Meteo.pl (ICM) – kiedy liczy się dokładność
Polska perełka wśród stron pogodowych. Prognozy są tutaj oparte o modele numeryczne. Interfejs jest, delikatnie mówiąc, surowy, ale mamy tu do czynienia z precyzyjnymi danymi. To strona dla tych, którzy wolą konkrety niż chmurki i słonka z uśmiechniętą buzią.
IMGW Meteo – oficjalne dane z instytutu
Witryna meteo.imgw.pl należy do Instytutu Meteorologii i Gospodarki Wodnej. Jeśli chcesz twardych danych z pomiarów i ostrzeżeń meteo, to jedno z pewniejszych miejsc. Interfejs jest prosty, wręcz ascetyczny, ale można tu znaleźć m.in. dane radarowe, ostrzeżenia hydrologiczne i bieżące pomiary. Dobry punkt odniesienia, gdy inne serwisy pokazują sprzeczne informacje.
Ventusky – mapa pogody dla każdego
Czeski serwis Ventusky.com to coś pomiędzy Windy a klasyczną stroną pogodową. Interfejs jest przejrzysty i intuicyjny. Mamy też animowane warstwy pokazujące m.in. temperaturę, wiatr czy opady w konkretnych godzinach. To rozwiązanie nieco bardziej przystępne niż Windy, choć może nie aż tak zaawansowane. Idealny dla tych, którzy wolą wizualizacje niż tabelki.
Meteoblue – szczegóły i porównania modeli
Meteoblue.com to serwis dla tych, którzy lubią wiedzieć, skąd biorą się dane. Oferuje m.in. wykresy temperatur, symulacje zachmurzenia czy tabele porównujące różne modele pogodowe. Ma też ciekawe funkcje jak „meteogram” i tzw. MultiModel. Interfejs? Funkcjonalny, choć chwilami może sprawiać wrażenie przeładowanego. Jeśli lubisz dane w formie wykresów i tabelek Meteoblue może Ci się spodobać.
Yr.no – "norweska pogoda"
Norweski serwis pogodowy robi wrażenie, bo często trafia lepiej niż rodzime portale. Bazuje na własnym modelu i mimo że brzmi egzotycznie, pokazuje naprawdę trafne prognozy dla Polski – także dla mniejszych miejscowości. Dla wielu to cichy faworyt, o czym nie raz przekonałem się, słysząc "lepiej sprawdź na norweskiej pogodzie".
Mountain-Forecast – dla górskich wędrowców
Mountain-forecast.com to bardzo niszowa, ale przydatna strona dla osób planujących wypady w góry. Pokazuje prognozy na różnych wysokościach (np. dolina, szczyt, grzbiet etc.), a nie tylko dla samej miejscowości. Działa globalnie i dobrze sprawdza się również dla polskich pasm górskich. Jeśli planujesz trekking – warto tam zajrzeć.

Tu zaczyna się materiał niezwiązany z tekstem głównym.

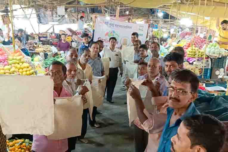 वाशी, सेक्टर 9 येथील भाजी मार्केटमध्ये व्यापारी व नागरिकांमध्ये प्लास्टिक प्रतिबंधाविषयी जनजागृती करण्यात आली. व्यापा-यांनी प्रतिबंधित प्लास्टिकचा वापर करू नये याविषयी समज देण्यात आली तसेच 200 हून अधिक कापडी पिशव्यांचे मोफत वितरण करण्यात आले.

Google i aplikacje systemowe – wygoda z ograniczeniami
Szybko, domyślnie i… nie zawsze dokładnie. Widgety pogody w smartfonach czy wyszukiwarka Google często korzystają z The Weather Channel. Sprawdzą się jako pierwszy rzut oka, ale nie licz na niuanse. Ot, pogoda dla leniwych – czasem wystarczy.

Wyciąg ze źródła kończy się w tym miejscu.